[Stored data entries]
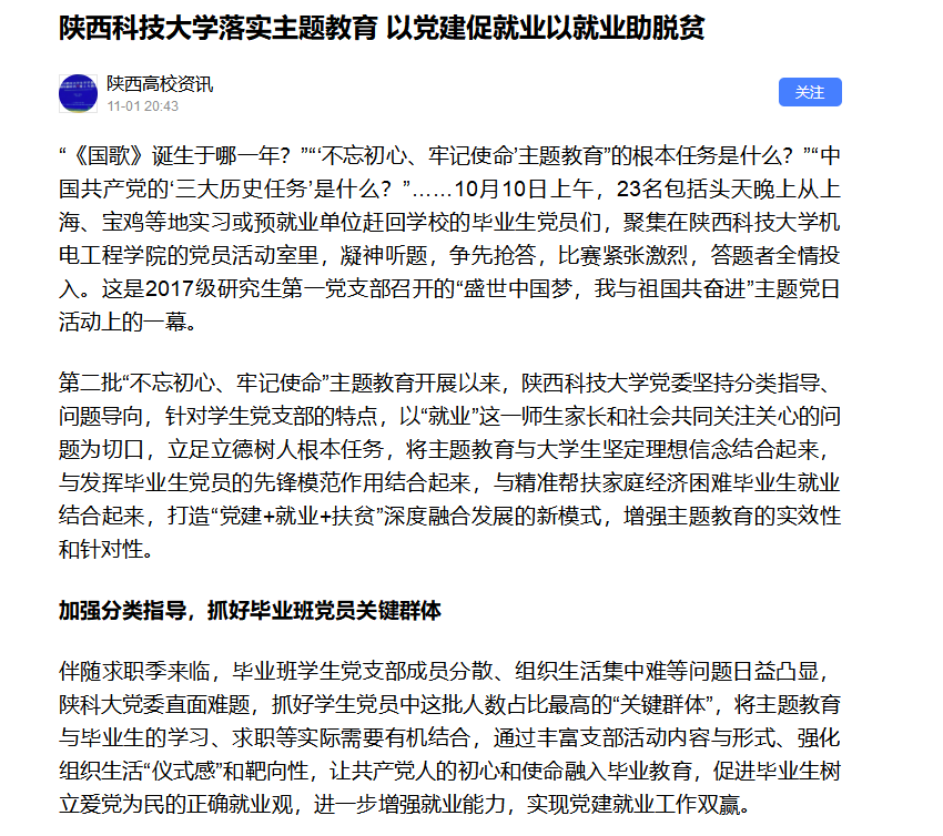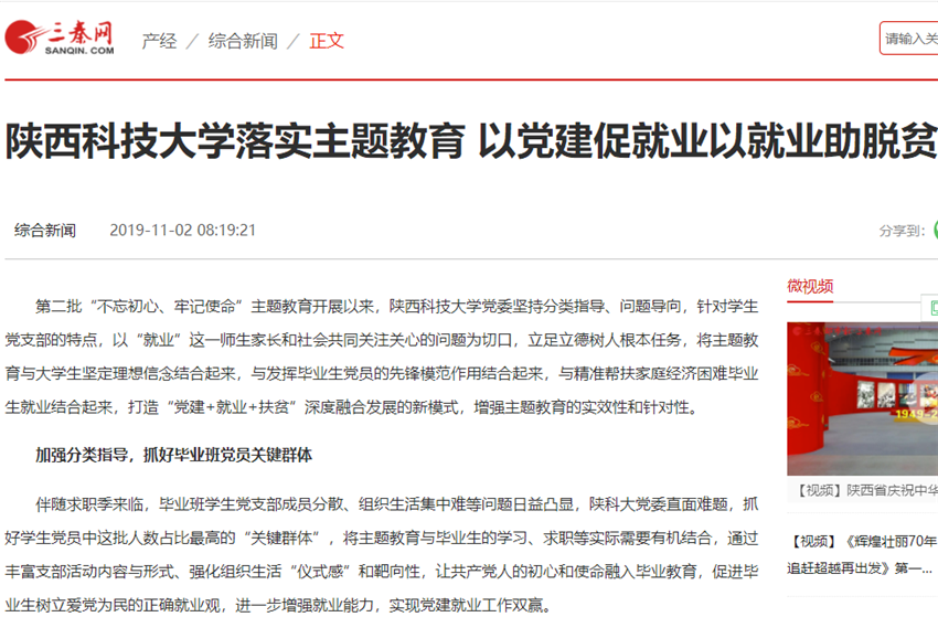 三秦網(wǎng):陜西科技大學(xué)落實主題教育 以黨建促就業(yè)以就業(yè)助脫貧
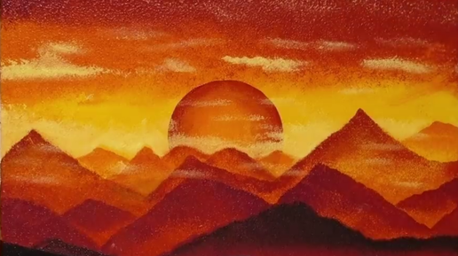 Как нарисовать пейзаж с горами губкой и красками. Просто и очень красиво.
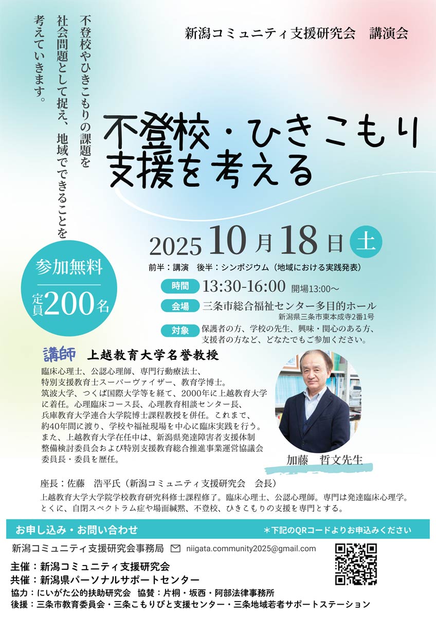 新潟県内で孤独・孤立化問題をはじめとする課題の解決策を検討、実行を目指す市民団体「新潟コミュニティ支援研究会」(佐藤浩平会長)は、10月18日(土)午後1時半から三条市総合福祉センター(三条市東本成寺2-1)で講演会「不登校・ひきこもり支援を考える」を開くので、広く参加を呼びかけている。
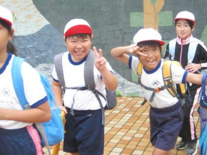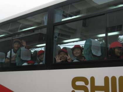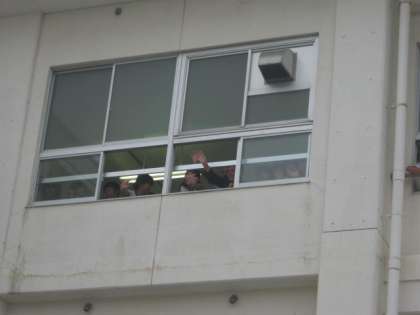 3階の家庭科室で授業をしていた5年生が、3年生の声に気づき窓から手を振ってお見送りをしてくれました。
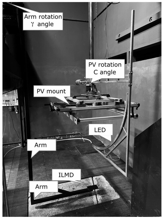 The function derived from luminance measurements is also known as the bidirectional reflectance distribution function (BRDF) [18,33,34]. Accurate measurement of the full BRDF characteristics requires the use of complex and very expensive equipment [35,36,37]. Examples of simpler devices for performing measurements in the laboratory or field can be found in [38,39]. For the purposes of this work, a measuring device was constructed from components already in the authors’ possession (Figure 2). These devices should be part of the equipment of every photometric laboratory. The laboratory setup was constructed from the following components:
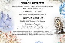 Всероссийский конкурс детско-юношеского творчества «Животные в зимнем лесу» 17.03.2022
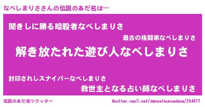 | 胡散臭い通販商品みたいなあだ名 | 『世界中を虜にした世界で10本だけ現存している希少なブランデー…その名も「なべしまりさ」』 |
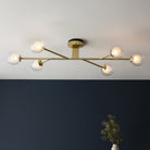 Miley 6 Light Multi Arm Satin Brass Semi-Flush Light Clear Ribbed / Frosted Glass
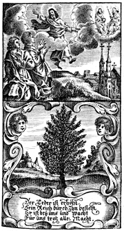 Description: Jesus bids his disciples farewell as he ascends to heaven. Below is an image of a tree.
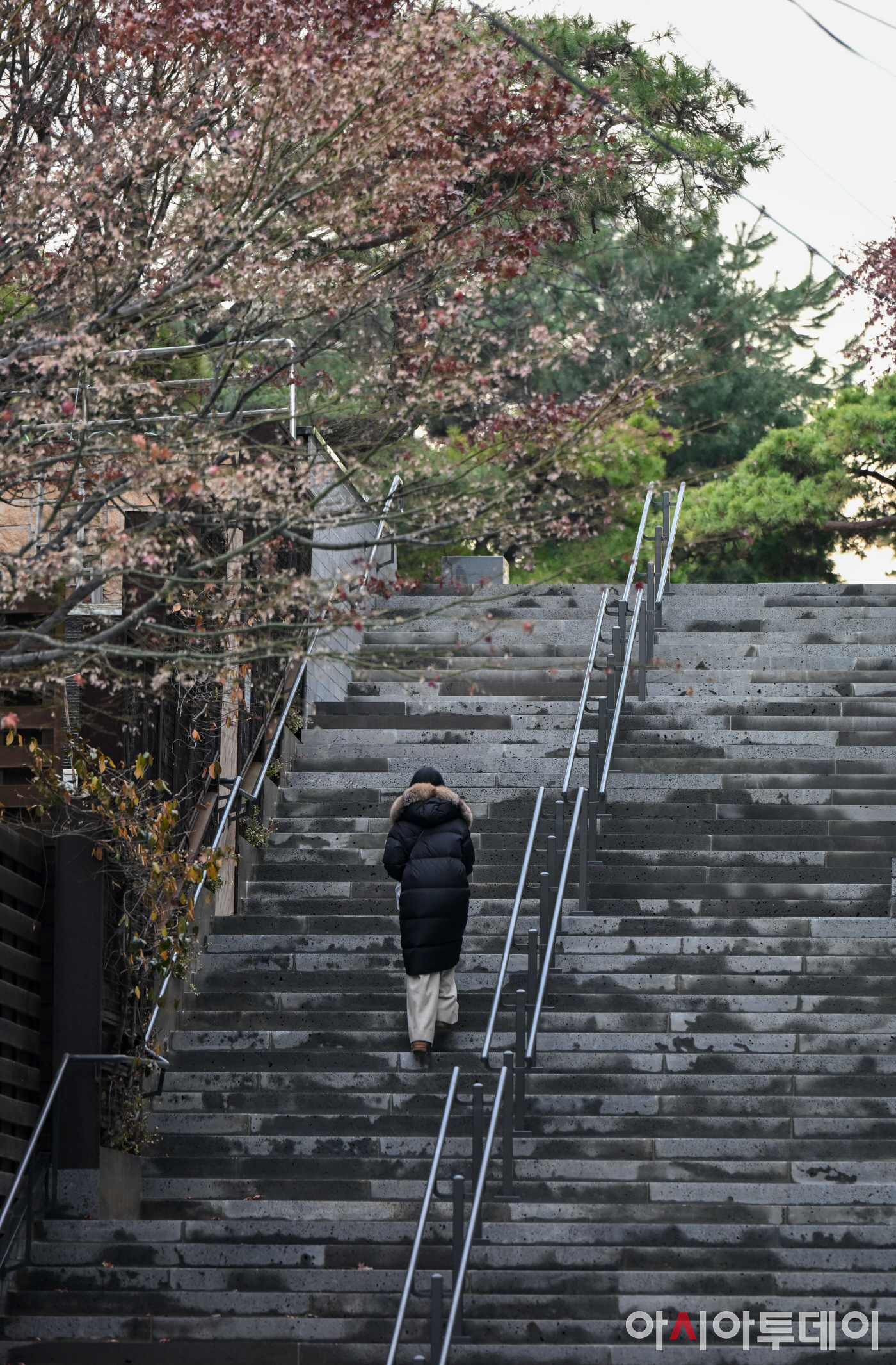 15일 서울 마포구 절두산 순교성지를 찾은 시민들이 새롭게 개통된 하늘계단을 오르고 있다. 마포구는 절두산 순교성지를 찾는 방문객들의 보행 안전과 성지의 역사적·문화적 가치를 높이기 위해 현무암 통석을 활용한 폭 6.7m, 길이 32m 규모의 계단으로 전면 정비하고 계단 일부에 음각 문구를 새겨 성지의 엄숙함과 의미를 담은 보행 환경으로 개선했다. /정재훈 기자
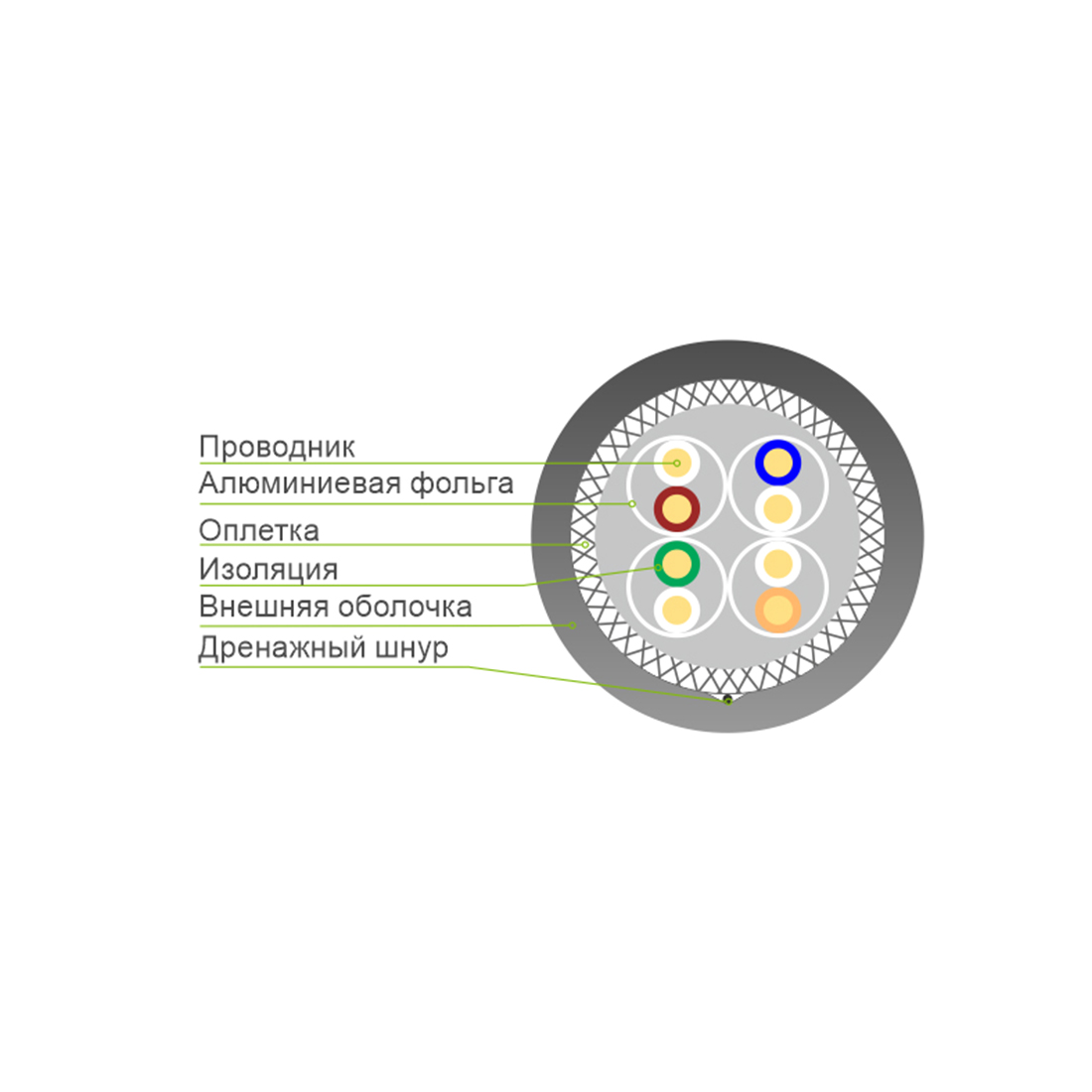Кабель сетевой, SHIP, D176A-P, Cat.6A, S-FTP, 30В, 4x2x1/0.596мм, PE, 305 м в катушке (Двойной экран, Для наружных работ)
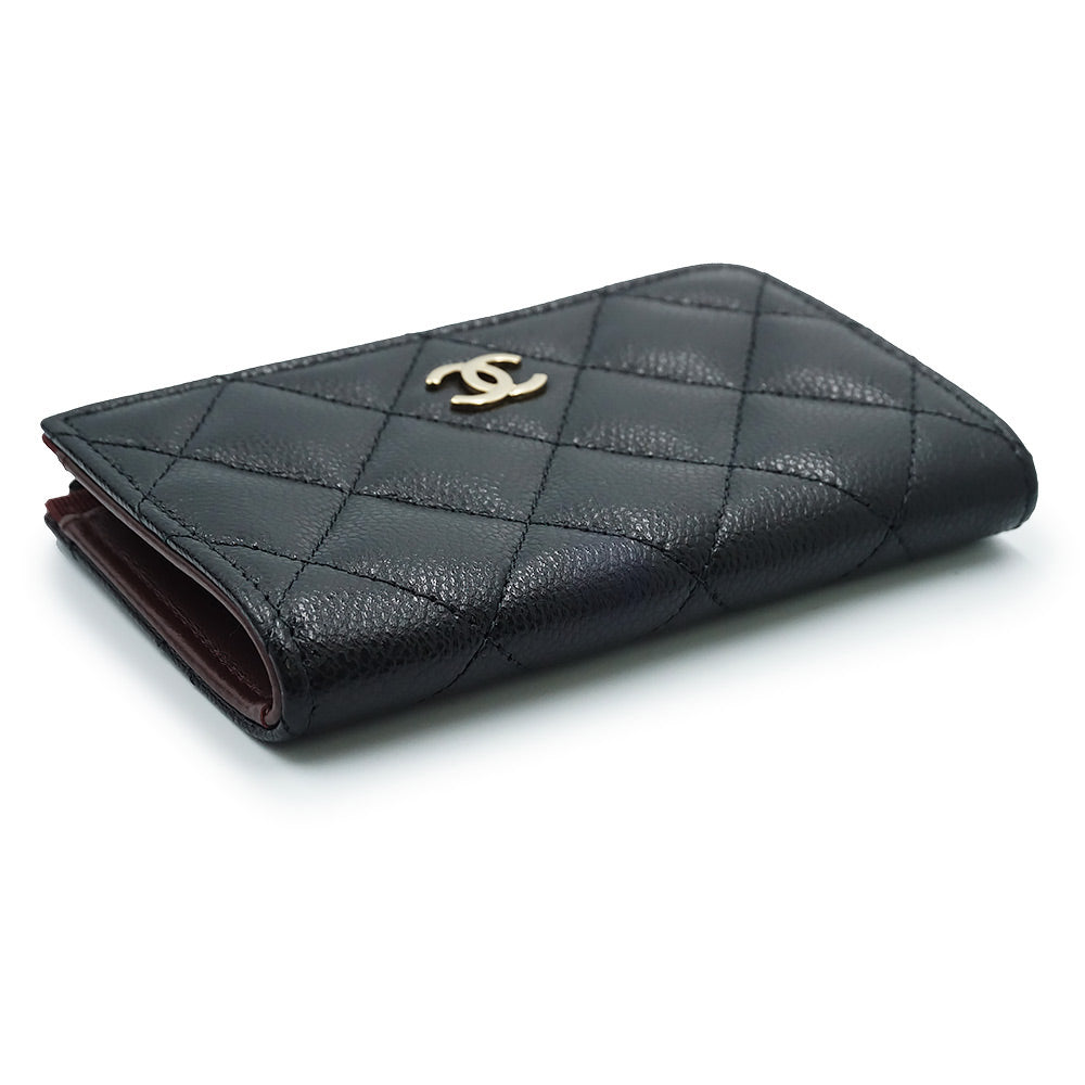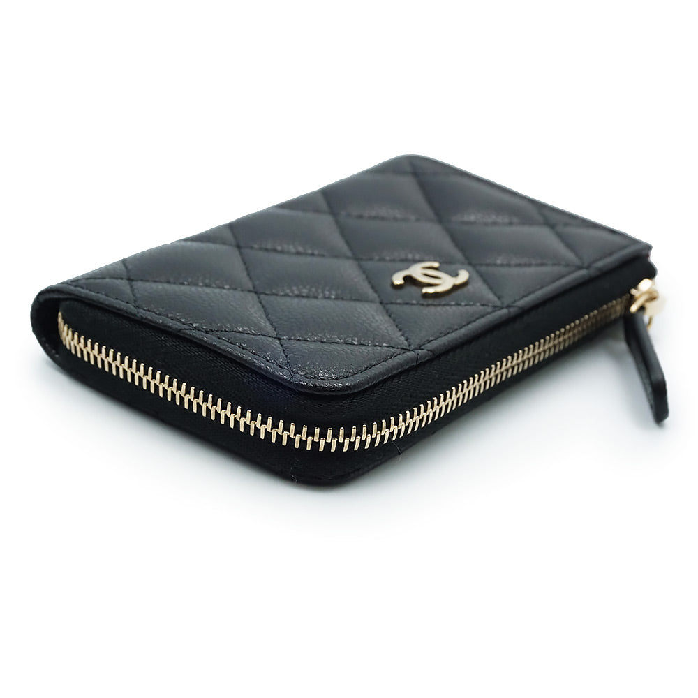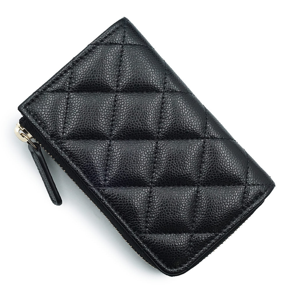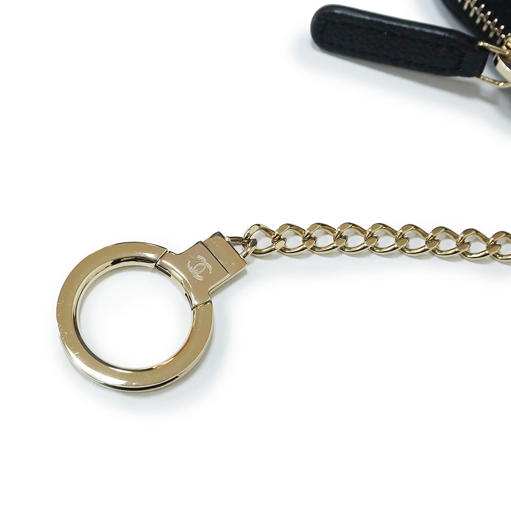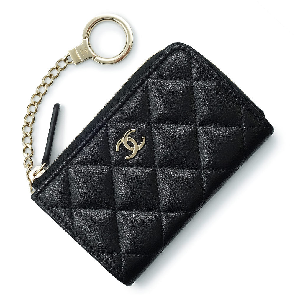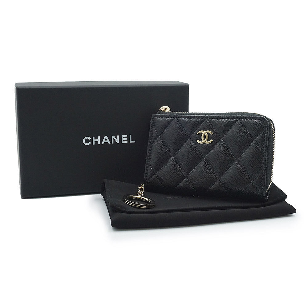 【未使用 展示品】シャネル CHANEL マトラッセ キーリング付き コインケース 小銭入れ 財布 キャビアスキン レザー ブラック ゴールド金具 AP0221 箱付

### Task requirements
The complete set of records should be written out again, pictures excluded.

### Written answer
 三秦網(wǎng):陜西科技大學(xué)落實主題教育 以黨建促就業(yè)以就業(yè)助脫貧
 Как нарисовать пейзаж с горами губкой и красками. Просто и очень красиво.
 新潟県内で孤独・孤立化問題をはじめとする課題の解決策を検討、実行を目指す市民団体「新潟コミュニティ支援研究会」(佐藤浩平会長)は、10月18日(土)午後1時半から三条市総合福祉センター(三条市東本成寺2-1)で講演会「不登校・ひきこもり支援を考える」を開くので、広く参加を呼びかけている。
 3階の家庭科室で授業をしていた5年生が、3年生の声に気づき窓から手を振ってお見送りをしてくれました。
 The function derived from luminance measurements is also known as the bidirectional reflectance distribution function (BRDF) [18,33,34]. Accurate measurement of the full BRDF characteristics requires the use of complex and very expensive equipment [35,36,37]. Examples of simpler devices for performing measurements in the laboratory or field can be found in [38,39]. For the purposes of this work, a measuring device was constructed from components already in the authors’ possession (Figure 2). These devices should be part of the equipment of every photometric laboratory. The laboratory setup was constructed from the following components:
 Всероссийский конкурс детско-юношеского творчества «Животные в зимнем лесу» 17.03.2022
 | 胡散臭い通販商品みたいなあだ名 | 『世界中を虜にした世界で10本だけ現存している希少なブランデー…その名も「なべしまりさ」』 |
 Miley 6 Light Multi Arm Satin Brass Semi-Flush Light Clear Ribbed / Frosted Glass
 Description: Jesus bids his disciples farewell as he ascends to heaven. Below is an image of a tree.
 15일 서울 마포구 절두산 순교성지를 찾은 시민들이 새롭게 개통된 하늘계단을 오르고 있다. 마포구는 절두산 순교성지를 찾는 방문객들의 보행 안전과 성지의 역사적·문화적 가치를 높이기 위해 현무암 통석을 활용한 폭 6.7m, 길이 32m 규모의 계단으로 전면 정비하고 계단 일부에 음각 문구를 새겨 성지의 엄숙함과 의미를 담은 보행 환경으로 개선했다. /정재훈 기자
Кабель сетевой, SHIP, D176A-P, Cat.6A, S-FTP, 30В, 4x2x1/0.596мм, PE, 305 м в катушке (Двойной экран, Для наружных работ)
 【未使用 展示品】シャネル CHANEL マトラッセ キーリング付き コインケース 小銭入れ 財布 キャビアスキン レザー ブラック ゴールド金具 AP0221 箱付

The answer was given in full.